Act I is set in 1880 on the African estate of a British Colonial administrator who presides over his household and his land, and the natives are on the verge of rebelling. Churchill is already there. The play immediately challenges the imperiousness of British order by having Clive played by a woman (the remarkable Stephanie Clayman who will play Clive’s wife in Act II), and his simpering wife Betty played by a man (the hilarious Joshua Wolf Coleman). Daughter Victoria is played by a doll; yes, women are mere playthings in Act I where white men rule the roost and the sun never sets.

Betty bemoans her inferior status early on by declaring, “I’m a man’s creation.” The line is funny not only because it’s played by a man in drag, but also because it calls attention to the way men have shaped and dominated this world. Son Edward an effeminate boy who loves to play with Vicki’s doll, is also played by a woman (Sophorl Ngin who plays the grown-up Victoria in Act II). Ed is attracted to dashing explorer and houseguest Harry Bagley (a moving Alexander Platt who plays the grown-up Edward now gay in Act II) who reciprocates the boy’s affections, though he pretends to love Betty as a cover for his pedophilia.

Their native servant Joshua is played by a white actress (standout Marge Dunn who plays Victoria’s lesbian lover Lin in Act II) and in a sublimated act of self-hatred, announces he has no trouble beating the rebelling native servants because they are “bad.” The widow Mrs. Saunders (Aislinn Brophy in a challenging simultaneous dual role as Edward’s governess Ellen who is in love with Clive’s wife Betty) is pursued by Clive, while his wife Betty loves handsome Harry who’s had his way with her son Edward.

Hang in there. Believe it or not, this is all remarkably easy to keep track of in the course of the play and the echoing of these roles in Act II 25 years later in each  of these lives, enriches the pull of these characters.

The set is simple, therefore no detail is wasted. For instance there there’s a cut-out of a giant tree hanging sideways over the proceedings, an affront to the order of the traditional English garden and a signal to the subversion at work in Act I. By Act II what was subverted is now overt, and culminates in a playful orgy in a park where Edward, his sister Victoria, and her sometime lover Lin (now played by different actors) help themselves to a fabulously choreographed pansexual feast under the full goddess moon.
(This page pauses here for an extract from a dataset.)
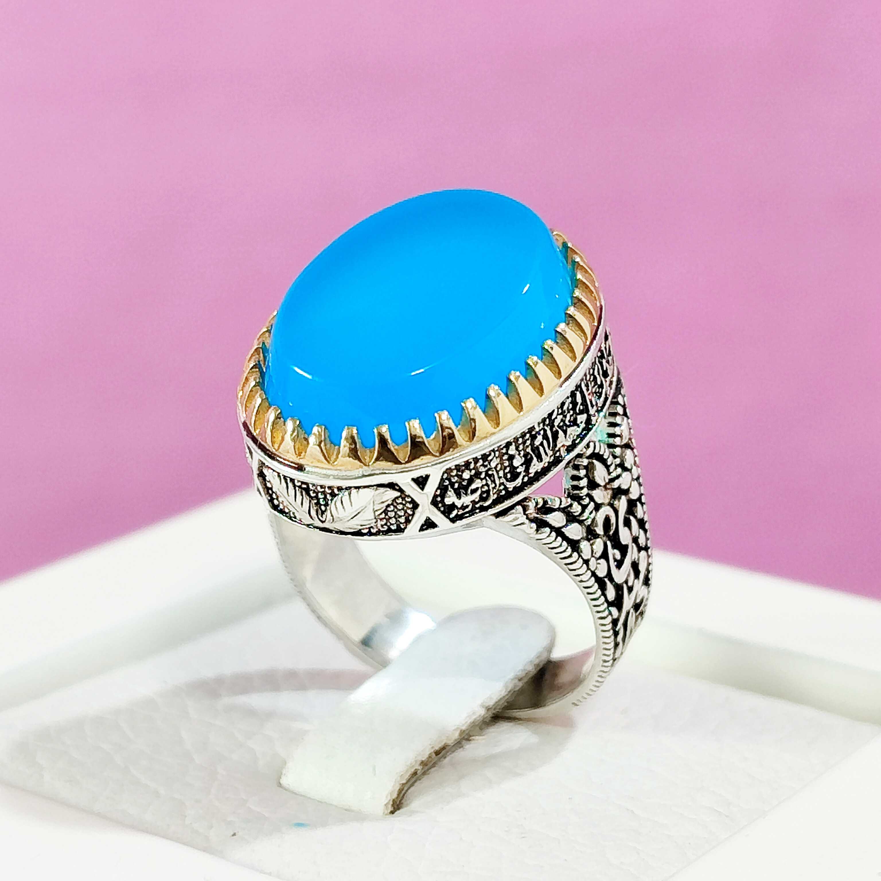 انگشتر عقیق آبی روشن

Where the masculine once reigned supreme, the feminine is now on the horizon and Eve holds sway in this new garden of Eden.

It’s a tilt-a-whirl of a plot, where the proclivities of these characters who have been twisted into compliance with “traditional” norms are set free, and this versatile, brilliant ensemble straddles the breadth of realities their multi-roles demand.  Director Lee Mikeska Gardner finds the though line of this intellectually challenging work and the tonal range it demands, veering from shrewd parody in Act I to fully felt characterizations in Act II. This production of Churchill’s funny, stinging screed never loses its bite or its heart.

CLOUD 9 has also proven remarkably prescient and increasingly relevant. With its cross-gendered, cross-racial casting and omnisexual orientation, the play finds itself preaching to many of the converted in 2019. The diversity of human experience represented here, and always present in society but repressed, is currently exploding our preconceptions and finding a voice in political debate, scientific inquiry, nightly newscasts, and everyday dinner table conversations.

See The Nora Theatre Company’s fascinating and facile production of Caryl Churchill’s CLOUD 9; it reminds us the sky may not be the limit. At CENTRAL SQUARE THEATER through JUNE 30!